The data should be written out in full, exactly as it stands, and the pictures dropped.

+++ AVAILABLE DATA

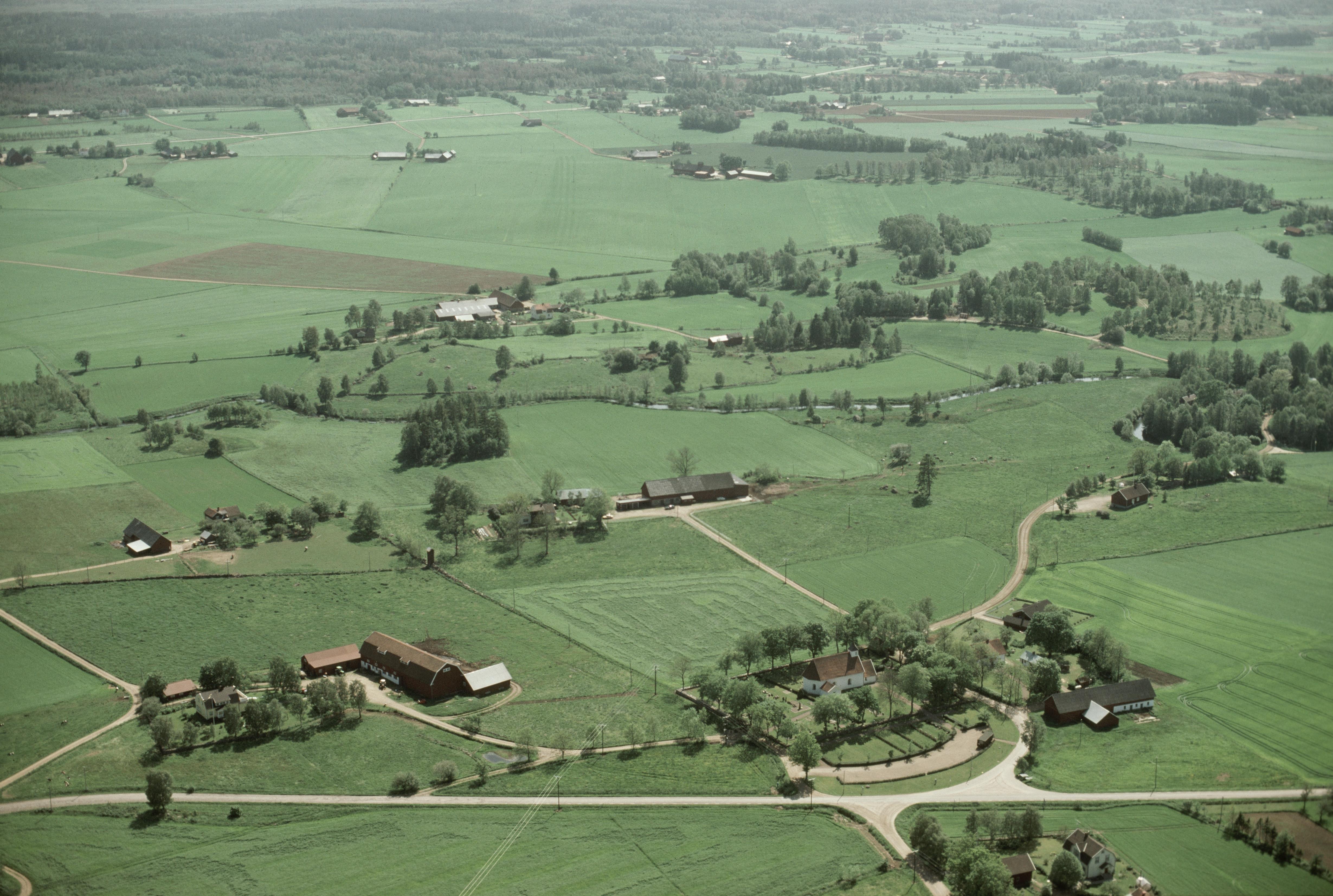 Beskrivning: Fölene kyrka nere till höger. Mossagården och ån Nossan vid bildens mitt. Bilden är tagen mot (väderstreck): SSV
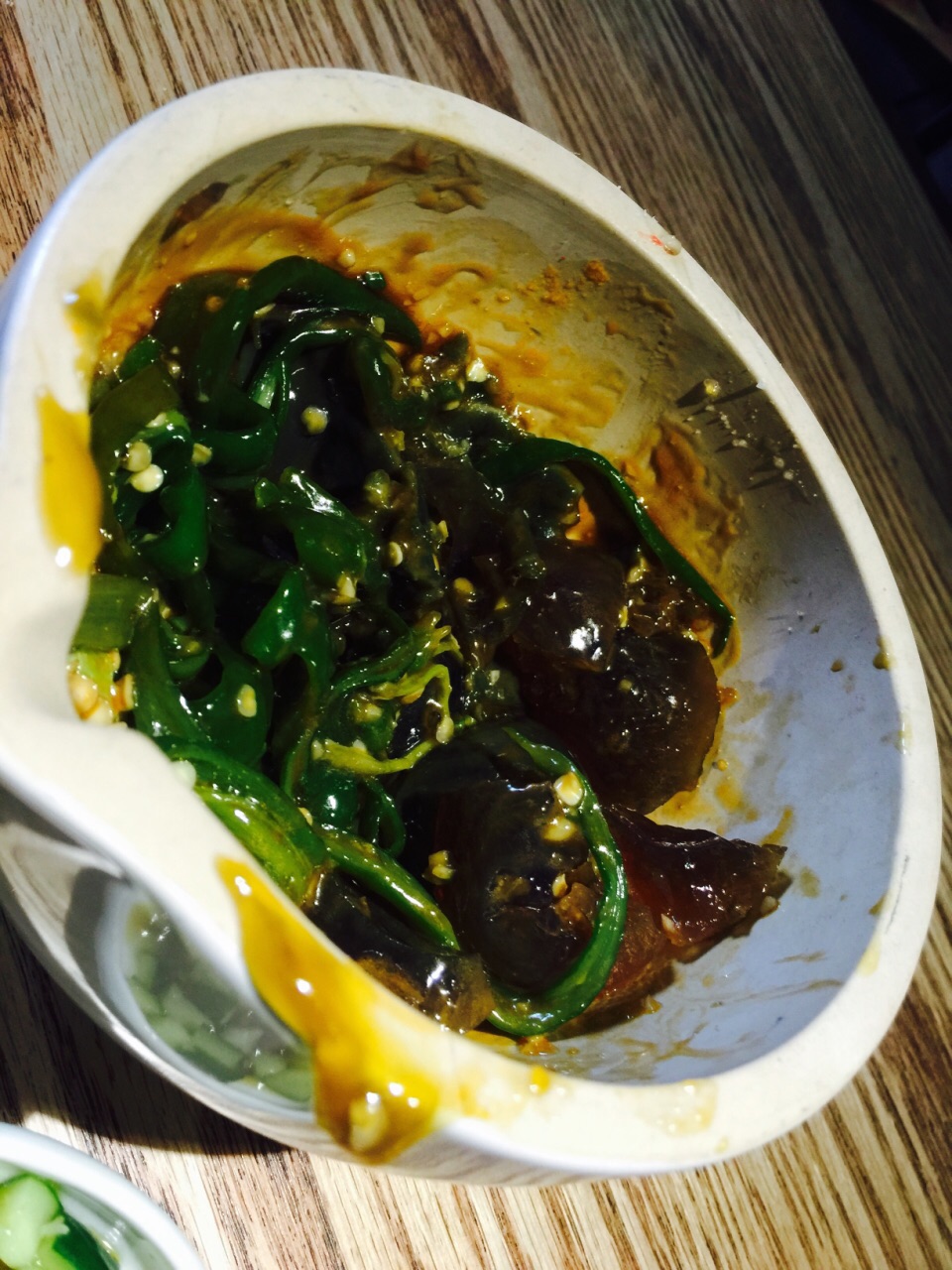 这家店真的是去吃的时间有点长啦,记得是和小伙伴相约去虹桥龙湖天街看小黄鸭,蓝后在那里吃了晚饭~ 只记得当时店门口进去的时候昏暗幽静,只有那闪着亮光的凤凰转着晕圈,越往里走越宽阔有型,店内的格局装饰显得古朴典雅,牌匾字体苍劲有力,通往更深处时还有圆形拱门,连有些餐位处都有绿树掩映(虽是假的),钩栏雕花,让人仿佛置身于闲庭小院中,悠然自得处之~ 和小伙伴一起在这悠闲的环境中吃下了不少好东西~ 餐前的小食酸豆角,花生,黄瓜都蛮爽口好吃~ #擂辣椒皮蛋#真的有被雷到,因为上桌时就是个中药捣药的木头棍,吃之前需将辣椒个皮蛋充分捣匀捣入味了,才好吃,真的是属于一款越吃越过瘾,虽然辣的鼻涕直流但是还是好吃,特别的下饭~ 说到饭,他家的饭也蛮特别的,应该是蒸出来的那种,每一份都是小小瓦罐材质的一小碗,里面星星点点着玉米若干,米饭的香味和饱满的颗粒,让人能再来一碗~ #大盆有机花菜#和擂辣椒皮蛋相比没有辣的等级了,虽辣但已经让我们觉得没有什么负担了,so so的~ #凤凰酸汤鱼#好大一份,和小伙伴两个女生要吃完还是蛮吃力的,搞到后面,小伙伴一直不停的给我的碗里盛汤和鱼,汤底酸爽开胃,鱼片鲜嫩可口,我是真的吃了好几碗,到最后扶墙出~ 喜欢吃辣的亲,绝对可以一试,真心辣到你流泪流鼻涕~
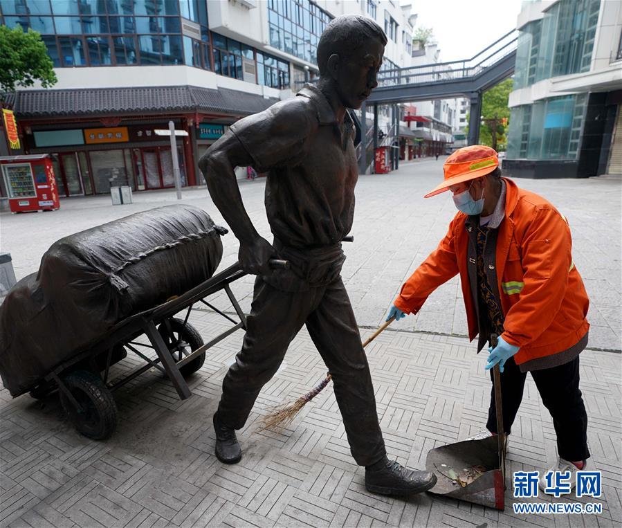 4月6日,环卫工人在武汉汉正街清扫路面。 近日,武汉汉正街市场管委会组织各方力量积极筹备复工复产。 新华社记者 王毓国 摄

++++++

◆ EXERCISE RESPONSE
 Beskrivning: Fölene kyrka nere till höger. Mossagården och ån Nossan vid bildens mitt. Bilden är tagen mot (väderstreck): SSV
 这家店真的是去吃的时间有点长啦,记得是和小伙伴相约去虹桥龙湖天街看小黄鸭,蓝后在那里吃了晚饭~ 只记得当时店门口进去的时候昏暗幽静,只有那闪着亮光的凤凰转着晕圈,越往里走越宽阔有型,店内的格局装饰显得古朴典雅,牌匾字体苍劲有力,通往更深处时还有圆形拱门,连有些餐位处都有绿树掩映(虽是假的),钩栏雕花,让人仿佛置身于闲庭小院中,悠然自得处之~ 和小伙伴一起在这悠闲的环境中吃下了不少好东西~ 餐前的小食酸豆角,花生,黄瓜都蛮爽口好吃~ #擂辣椒皮蛋#真的有被雷到,因为上桌时就是个中药捣药的木头棍,吃之前需将辣椒个皮蛋充分捣匀捣入味了,才好吃,真的是属于一款越吃越过瘾,虽然辣的鼻涕直流但是还是好吃,特别的下饭~ 说到饭,他家的饭也蛮特别的,应该是蒸出来的那种,每一份都是小小瓦罐材质的一小碗,里面星星点点着玉米若干,米饭的香味和饱满的颗粒,让人能再来一碗~ #大盆有机花菜#和擂辣椒皮蛋相比没有辣的等级了,虽辣但已经让我们觉得没有什么负担了,so so的~ #凤凰酸汤鱼#好大一份,和小伙伴两个女生要吃完还是蛮吃力的,搞到后面,小伙伴一直不停的给我的碗里盛汤和鱼,汤底酸爽开胃,鱼片鲜嫩可口,我是真的吃了好几碗,到最后扶墙出~ 喜欢吃辣的亲,绝对可以一试,真心辣到你流泪流鼻涕~
 4月6日,环卫工人在武汉汉正街清扫路面。 近日,武汉汉正街市场管委会组织各方力量积极筹备复工复产。 新华社记者 王毓国 摄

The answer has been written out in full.